## What to work on
Pictures do not belong in the copy; retype the records below exactly.

## Stored entries
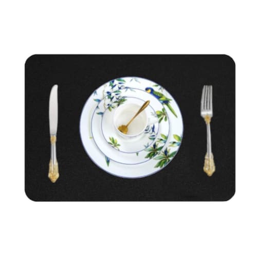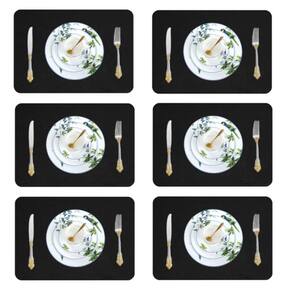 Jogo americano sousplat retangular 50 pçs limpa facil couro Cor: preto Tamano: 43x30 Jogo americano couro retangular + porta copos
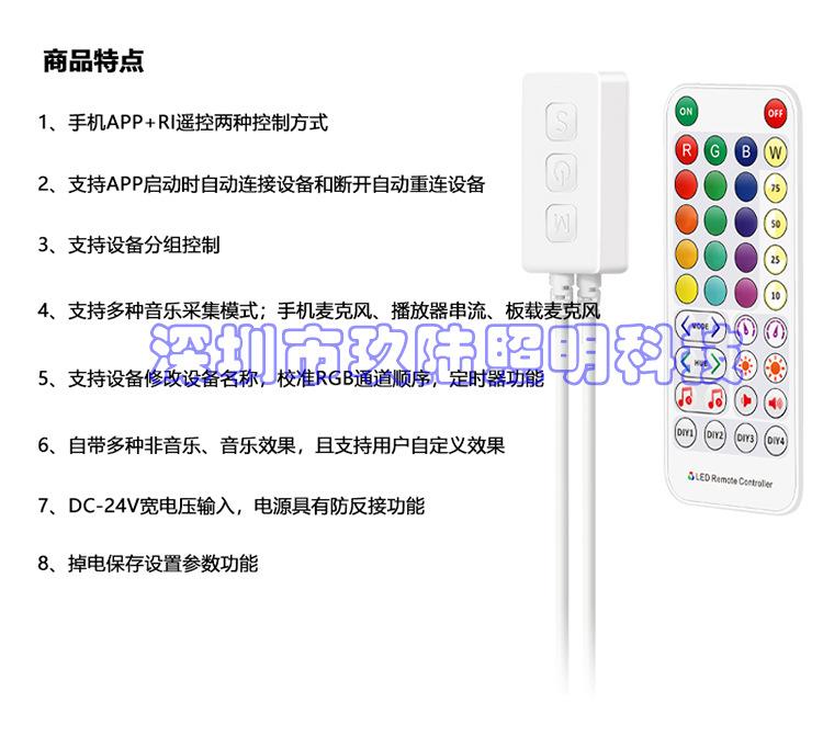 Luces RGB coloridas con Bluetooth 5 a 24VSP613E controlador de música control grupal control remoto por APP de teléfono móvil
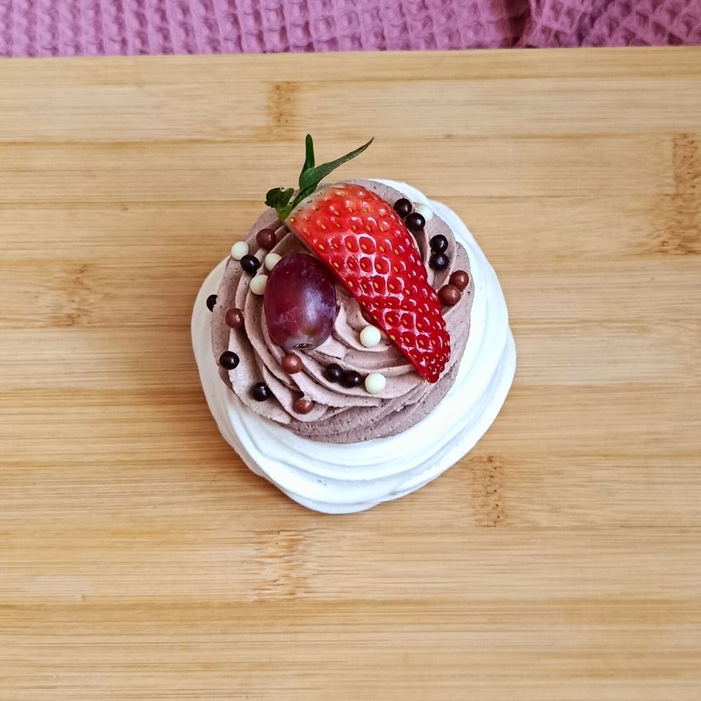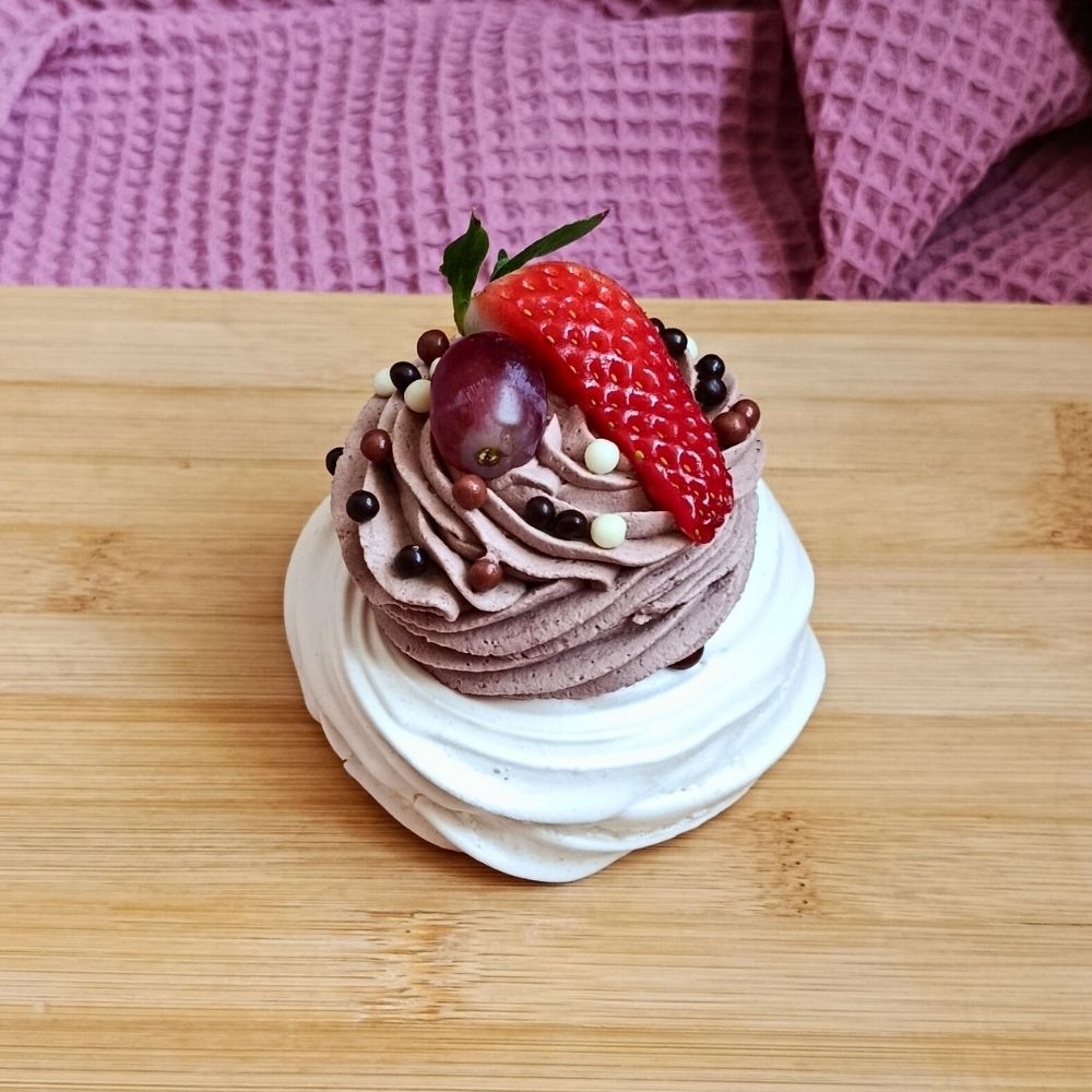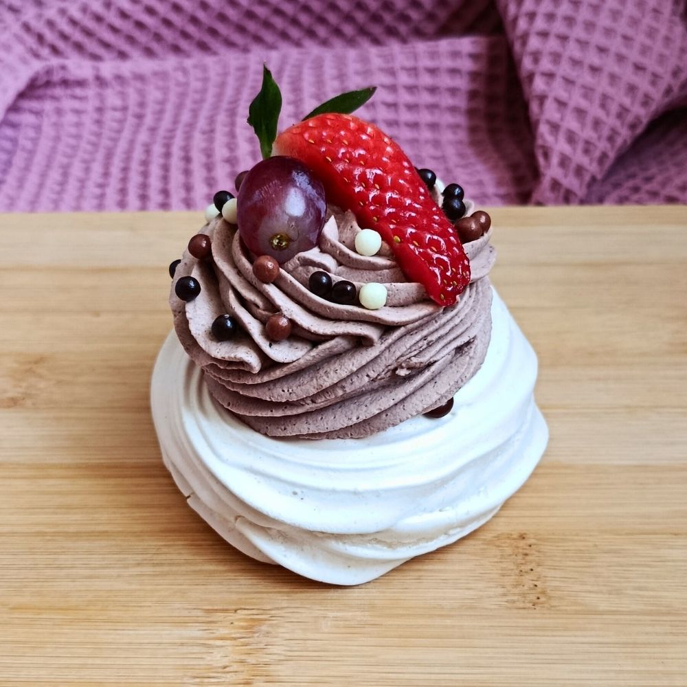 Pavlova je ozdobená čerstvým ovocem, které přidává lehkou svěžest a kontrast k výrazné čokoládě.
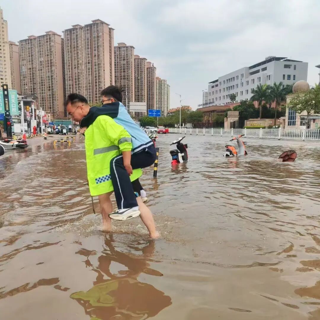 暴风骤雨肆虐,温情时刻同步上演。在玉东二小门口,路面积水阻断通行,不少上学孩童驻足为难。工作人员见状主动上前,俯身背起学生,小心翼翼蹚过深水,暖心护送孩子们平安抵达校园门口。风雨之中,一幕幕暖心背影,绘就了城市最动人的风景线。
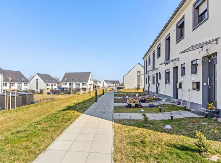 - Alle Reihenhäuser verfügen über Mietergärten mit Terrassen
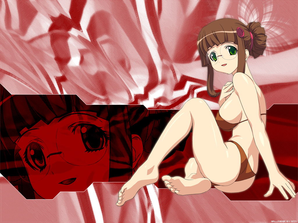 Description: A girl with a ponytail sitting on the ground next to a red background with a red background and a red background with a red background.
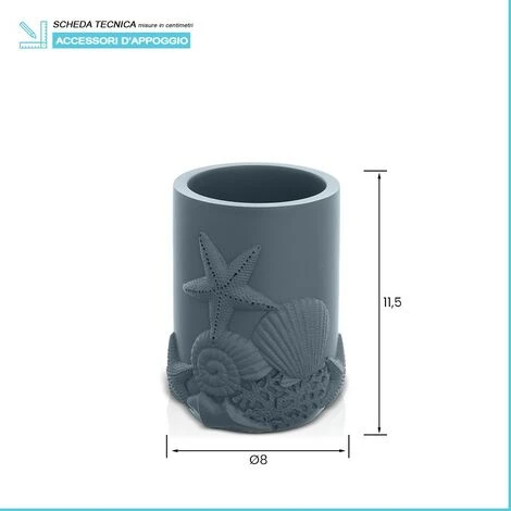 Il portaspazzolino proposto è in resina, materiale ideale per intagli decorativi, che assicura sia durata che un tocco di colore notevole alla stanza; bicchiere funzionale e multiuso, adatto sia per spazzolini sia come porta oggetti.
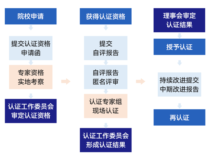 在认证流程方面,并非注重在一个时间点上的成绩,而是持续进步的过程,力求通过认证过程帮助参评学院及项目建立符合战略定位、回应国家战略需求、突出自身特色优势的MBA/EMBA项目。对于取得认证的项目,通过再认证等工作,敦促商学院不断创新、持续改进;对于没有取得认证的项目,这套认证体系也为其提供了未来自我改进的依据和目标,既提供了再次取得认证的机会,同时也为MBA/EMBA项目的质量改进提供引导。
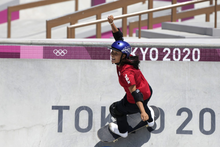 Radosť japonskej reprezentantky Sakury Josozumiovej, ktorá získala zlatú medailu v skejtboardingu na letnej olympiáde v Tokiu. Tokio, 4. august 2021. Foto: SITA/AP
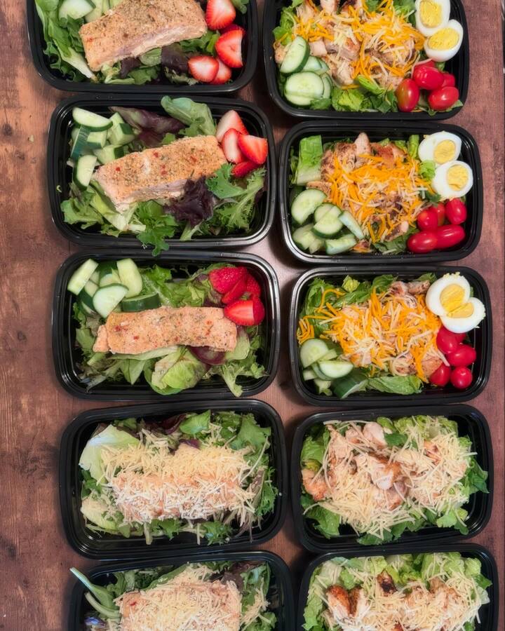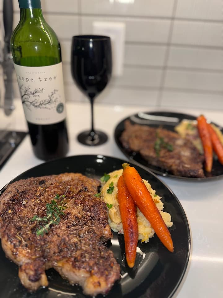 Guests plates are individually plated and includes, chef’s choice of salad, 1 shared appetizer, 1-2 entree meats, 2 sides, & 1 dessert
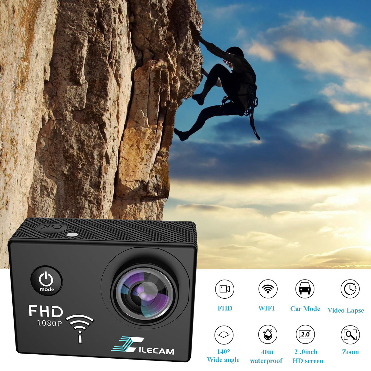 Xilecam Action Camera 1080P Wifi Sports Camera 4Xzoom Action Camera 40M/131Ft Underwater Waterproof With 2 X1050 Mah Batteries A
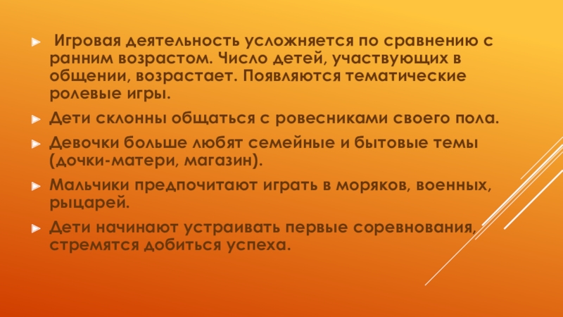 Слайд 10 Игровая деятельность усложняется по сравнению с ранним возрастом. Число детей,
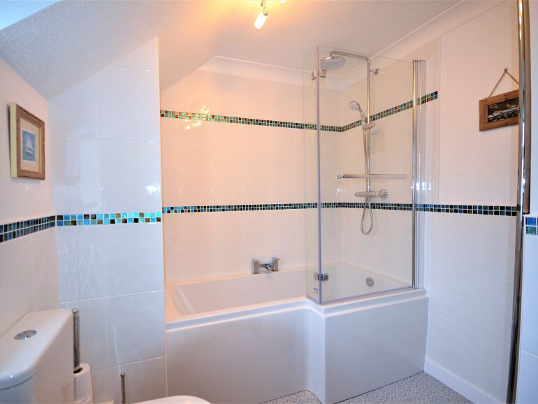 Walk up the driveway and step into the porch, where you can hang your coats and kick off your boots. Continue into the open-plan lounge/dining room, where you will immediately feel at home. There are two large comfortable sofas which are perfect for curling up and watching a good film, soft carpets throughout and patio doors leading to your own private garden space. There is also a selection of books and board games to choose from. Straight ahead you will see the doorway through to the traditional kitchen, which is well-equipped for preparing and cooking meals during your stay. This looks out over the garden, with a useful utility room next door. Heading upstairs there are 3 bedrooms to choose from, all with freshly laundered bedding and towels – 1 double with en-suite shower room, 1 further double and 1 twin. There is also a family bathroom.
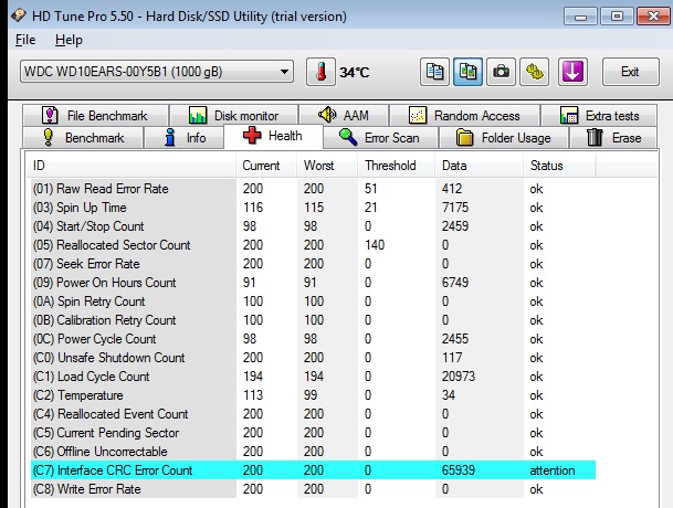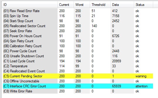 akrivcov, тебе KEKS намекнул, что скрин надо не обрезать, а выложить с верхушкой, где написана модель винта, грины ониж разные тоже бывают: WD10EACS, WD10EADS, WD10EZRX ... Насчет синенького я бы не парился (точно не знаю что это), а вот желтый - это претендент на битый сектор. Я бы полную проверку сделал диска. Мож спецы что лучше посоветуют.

## Written reply
 Jogo americano sousplat retangular 50 pçs limpa facil couro Cor: preto Tamano: 43x30 Jogo americano couro retangular + porta copos
 Luces RGB coloridas con Bluetooth 5 a 24VSP613E controlador de música control grupal control remoto por APP de teléfono móvil
 Pavlova je ozdobená čerstvým ovocem, které přidává lehkou svěžest a kontrast k výrazné čokoládě.
 暴风骤雨肆虐,温情时刻同步上演。在玉东二小门口,路面积水阻断通行,不少上学孩童驻足为难。工作人员见状主动上前,俯身背起学生,小心翼翼蹚过深水,暖心护送孩子们平安抵达校园门口。风雨之中,一幕幕暖心背影,绘就了城市最动人的风景线。
 - Alle Reihenhäuser verfügen über Mietergärten mit Terrassen
 Description: A girl with a ponytail sitting on the ground next to a red background with a red background and a red background with a red background.
 Il portaspazzolino proposto è in resina, materiale ideale per intagli decorativi, che assicura sia durata che un tocco di colore notevole alla stanza; bicchiere funzionale e multiuso, adatto sia per spazzolini sia come porta oggetti.
 在认证流程方面,并非注重在一个时间点上的成绩,而是持续进步的过程,力求通过认证过程帮助参评学院及项目建立符合战略定位、回应国家战略需求、突出自身特色优势的MBA/EMBA项目。对于取得认证的项目,通过再认证等工作,敦促商学院不断创新、持续改进;对于没有取得认证的项目,这套认证体系也为其提供了未来自我改进的依据和目标,既提供了再次取得认证的机会,同时也为MBA/EMBA项目的质量改进提供引导。
 Radosť japonskej reprezentantky Sakury Josozumiovej, ktorá získala zlatú medailu v skejtboardingu na letnej olympiáde v Tokiu. Tokio, 4. august 2021. Foto: SITA/AP
 Guests plates are individually plated and includes, chef’s choice of salad, 1 shared appetizer, 1-2 entree meats, 2 sides, & 1 dessert
 Xilecam Action Camera 1080P Wifi Sports Camera 4Xzoom Action Camera 40M/131Ft Underwater Waterproof With 2 X1050 Mah Batteries A
 Слайд 10 Игровая деятельность усложняется по сравнению с ранним возрастом. Число детей,
 Walk up the driveway and step into the porch, where you can hang your coats and kick off your boots. Continue into the open-plan lounge/dining room, where you will immediately feel at home. There are two large comfortable sofas which are perfect for curling up and watching a good film, soft carpets throughout and patio doors leading to your own private garden space. There is also a selection of books and board games to choose from. Straight ahead you will see the doorway through to the traditional kitchen, which is well-equipped for preparing and cooking meals during your stay. This looks out over the garden, with a useful utility room next door. Heading upstairs there are 3 bedrooms to choose from, all with freshly laundered bedding and towels – 1 double with en-suite shower room, 1 further double and 1 twin. There is also a family bathroom.
 akrivcov, тебе KEKS намекнул, что скрин надо не обрезать, а выложить с верхушкой, где написана модель винта, грины ониж разные тоже бывают: WD10EACS, WD10EADS, WD10EZRX ... Насчет синенького я бы не парился (точно не знаю что это), а вот желтый - это претендент на битый сектор. Я бы полную проверку сделал диска. Мож спецы что лучше посоветуют.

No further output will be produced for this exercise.